VERSATILE has reached a milestone this year celebrating its 50th year partnership with Cummins.
It was in 1966 that Versatile became the first company to mass-produce articulated 4WD tractors and in 1967, it established a partnership with Cummins in which all Versatile tractors were powered with Cummins engines.
Versatile launched its Tier 4 Final engines in 2016 and will continue to roll out Tier 4 Final engines in all products this year.
Recently the company hosted a special event for its dealers at its Winnipeg factory in Manitoba, Canada with its research and development Centre transformed in a blaze of red, yellow and black - symbolic of the colours of the Versatile tractors sold between 1966 and 1986.
Cummins supplied two Tier 4 Final engines for the event - a QSX15, which powers the largest Versatile tractors, and a QSL9, which powers the row-crop model.
The event included the appearance of a restored 1966 C10 Chevrolet pick-up truck featuring custom red, yellow and black paint along with the famous "Big Roy", a monstrous 26 tonne, four axle 8x8 drive, powered by a 19 litre Cummins KTA 1150-600 diesel generating 448kW (600hp).

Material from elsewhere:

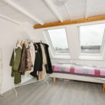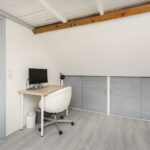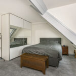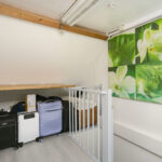 De multifunctionele zolderkamer is ruim van afmeting en voorzien van een laminaatvloer, geïsoleerde wandplaten, twee nieuwe Velux-dakramen met verduistering-screens en bergruimte zowel achter de schotten als op de vliering.

A camera system with in-cab monitors was used for the operator.
It was built in 1977 during an era in which tractor manufacturers were trying to outdo one another to see who could build the biggest tractor.
For the 50th-year celebration, Big Roy was fully restored, and will go on display later this year at the Canada Agriculture and Food Museum.
The Big Roy was among the big "mothers" but Steiger weighed in with a 480kW (650hp) model, while Big Bud had the 747, boasting a 560kW (750hp) power plant but it is said to have been tuned to 716kW (960hp) for broadacre work in the United States.
In Australia, New South Wales manufacturer Baldwin built six models between 1982 and 1986 with power ratings between 216kW (290hp) and 448kW, making it the most powerful commercial Australian tractor ever built.
FENDT MARKET GROWING
PH KERR machinery dealer principal Brian Kerr was heartened by the response to his move to set up a branch in Katanning in 2012, primarily as an AGCO dealer.
Speaking with Torque last week, he had big wraps for the Fendt tractor, which is starting to gain traction in the Great Southern.
"I think initially farmers just wanted to see how it would perform in WA and see how it stood up against the competition.
"Now Fendt has a good name because of its reliability and high re-sale value.
"Service is always mentioned as if you need a specialist technician to service it but from our experience, most of the service is done over the phone because the tractors are self-diagnostic.
"It really is a matter of checking codes when an error occurs and a quick reference from the operator's manual generally sorts out most problems.
"They are one of the simplest tractors to repair, which might surprise you considering all the technology associated with it.
"And the bonus is a reduction in service costs, including call-outs."
To emphasise the re-sale of Fendts, Brian pointed to last week's Farm Weekly which reported a Fendt 712 with 1840 hours on the clock topping an Esperance clearing sale at $92,000.
As to his appraisal of the 2017 season, he considers it will be a steady year for sales.
"We're picking up on inquiry and this recent rain will add further confidence to the industry," he said.
"I expect we'll have a good year but if it is a really good year I expect 2018 to be really good."
AGCO PREDICTS NEW CHALLENGES
AGCO chairman Martin Richenhagen is never one to mince words.
So it was totally predictable when he foreshadowed another tough year ahead while commenting on the company's 2016 fourth quarter performance report last week.
"The past year was a challenging year due to continued weakening global market demand for agricultural equipment," he said.
"Despite these difficult conditions, our solid operational execution during 2016 allowed us to exceed our financial targets and be well-positioned to seek new opportunities for growth.
"Looking forward to 2017, industry conditions are expected to remain near the bottom of the agricultural equipment cycle in key markets."
Softer industry demand is expected throughout North America and Europe, partially offset by growth in South America but the company's net sales for 2017 are expected to reach about $A9.6 billion, the same as the 2016 figure and slightly up on the 2015 result of $A9.5b.
According to Mr Richenhagen, sales declines were most pronounced in the row crop and professional hay producer sectors, with significantly lower industry retail sales of high-horsepower tractors, combines and grain storage and handling equipment.
While not "big bikkies", the company's AGCOs Asia/Pacific region (APAC), which includes Australia, saw a 21 per cent increase in net sales compared to 2015.
Income from operations increased about $A51m in the full year of 2016 compared to 2015 due to higher sales throughout the region and increased small tractor production in China.
What might be termed a comfort factor statement to shareholders not to abandon ship, Mr Richenhagen said the company's focus would continue on cost and expense reduction through globalising processes, reducing complexity and better levering scale.
If you know what he is talking about, you're chairman material.
By the way, AGCO's fourth quarter figures, net sales of about $A2.7m, compared to the 2015 figures of 2.6m.
It's a snail's crawl but it's heading in the right direction.